In contrast to the very public spectacle in the House as Republicans took up healthcare, a much more muted approach has been taken in the Senate. Last week, the Senate non-partisan parliamentarian advised that the American Health Care Act (AHCA), passed by the House, met the budget reconciliation rules. That means this legislation could avoid much of the process normally required for bills being considered – and now the backroom dealing has begun in earnest.
The Senate will be starting over with their own version of the bill and the “repeal” will be significantly watered down. For one, it is expected that many of the ACA taxes will remain in effect, at least on an interim basis, so that changes can be funded. As a result of the fallout from the House bill and public uproar over the now 23 million Americans expected by the Congressional Budget Office (CBO) to be vulnerable to losing coverage, some Senators are concerned with protecting these Americans – particularly those affected by the rollback of Medicaid expansion. There will be many other changes to the House version, but it is important to consider that under Senate rules, any bill they pass will have to save at least the $119 billion over a decade saved under the House version, and it will require scoring by the CBO as well.

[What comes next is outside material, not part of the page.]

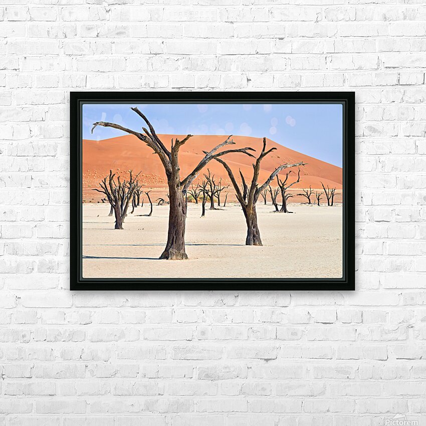 Dried camel thorn trees in Deadvlei pan in Namibia Picture Frame Printing

Striking a balance between the Senate and the House will not be easy. The conservative House Freedom Caucus will want a bill much closer to repeal, but polling has shown that realistically Americans favor the ACA over the radical repeal introduced by the AHCA. Despite this increase in approval rating, it’s ironic that Centers for Medicare and Medicaid Services reported this week that nearly 2 million of the 12.2 million Americans that acquired coverage during the latest enrollment have now fallen off the insured ranks.
The interest in reality TV is waning in America – we have our own version playing out every day.